Hi Adrian,
Well done on the move from Liberty, I did the same a few years back after my financial advisor (who earned a commission even) couldn't comprehend that I wanted to move from an active to a passive UT, yikes! And those policy structures ensure they take more than they are worth from us uninformed investors!
Same as you, I've moved my RA to EE, initially, only bundles were available and I bought those, whereas now the UT options also exist. In my view the Satrix Balanced Fund is the best bang for the buck, it indexes and its fee structure is lower. Since you won't be trading frequently on this account, the differences between it shouldn't matter significantly. I still keep my bundles, which is subject to a management fee, ETF TERs, ETF buy-sell spreads and the like. In a rough Excel sheet I calculated that I'll incur a ~0.4% loss in investment if I sell the bundles and moved it to the UTs, not even factoring in the brokerage of the UT purchase yet.

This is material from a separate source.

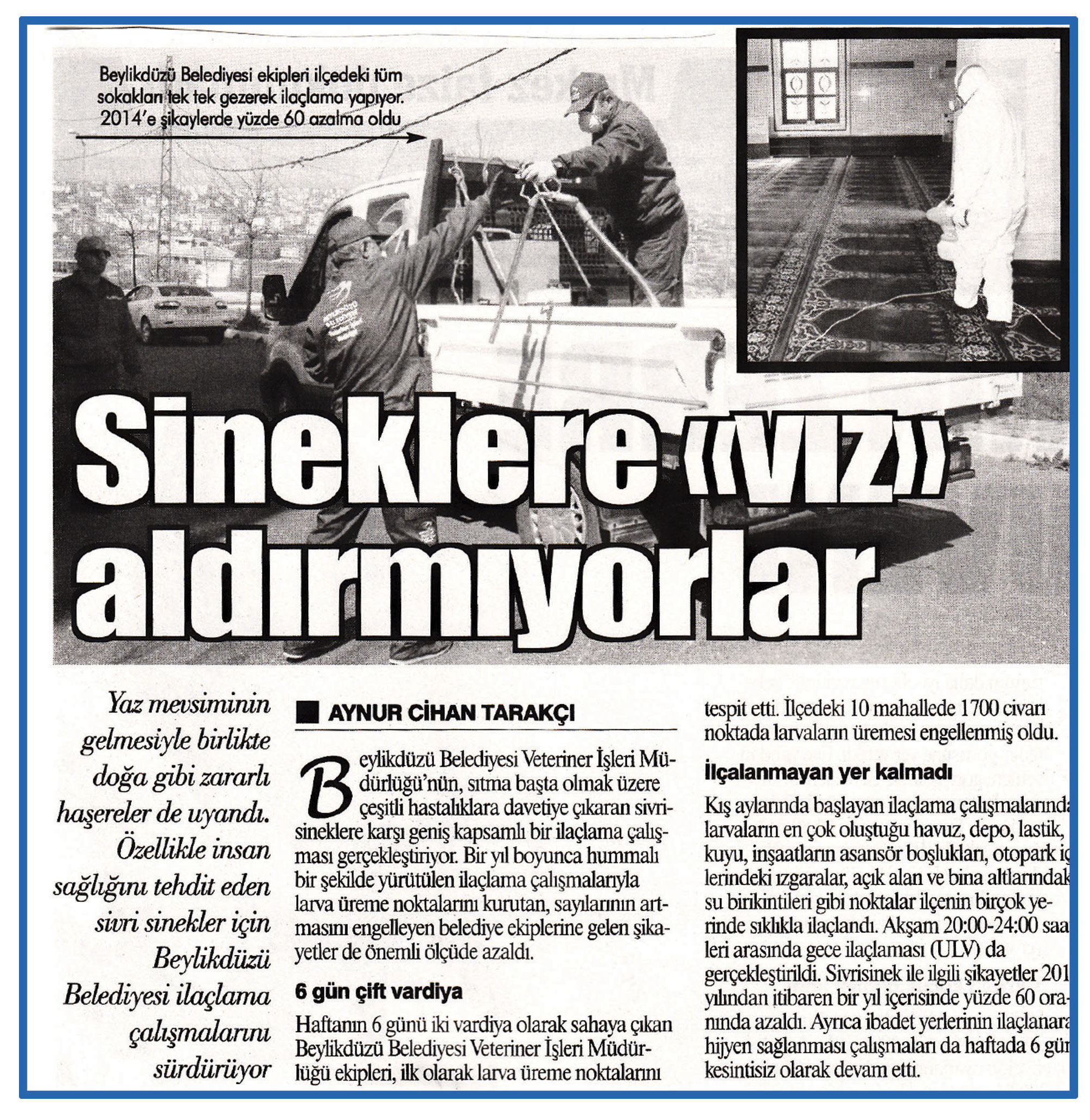 24 Temmuz 2015 tarihli ''GAZETE İSTANBUL'' gazetesi. Beylikdüzü Belediyesi Veteriner İşleri Müdürlüğü'nün, sıtma başta olmak üzere çeşitli hastalıklara davetiye çıkaran sivrisineklere karşı geniş kapsamlı bir ilaçlama çalışması gerçekleştiriyor.Bir yıl boyunca hummalı bir şekilde yürütülen ilaçlama çalışmalarıyla larva üreme noktalarını kurutan,sayılarının artmasını engelleyen belediye ekiplerine gelen şikayetler de önemli ölçüde azaldı.

There's an abundance of UT vs ETF information on the internet. I think the main advantage is that UTsFor an RA, I think it is largely negligible, and you should pick the best investment / cost structure you would like to pursue. I am more in favour of the UT as its 100% passive, whereas the Bundles command a fee to select ETFs (and some shares in some options) on your behalf - which isn't rocket science any case and would not necessarily maximise your returns. If the bundle had some hedge funds or exotic assets not already on EE, then sure, but otherwise, Satrix Balanced every month.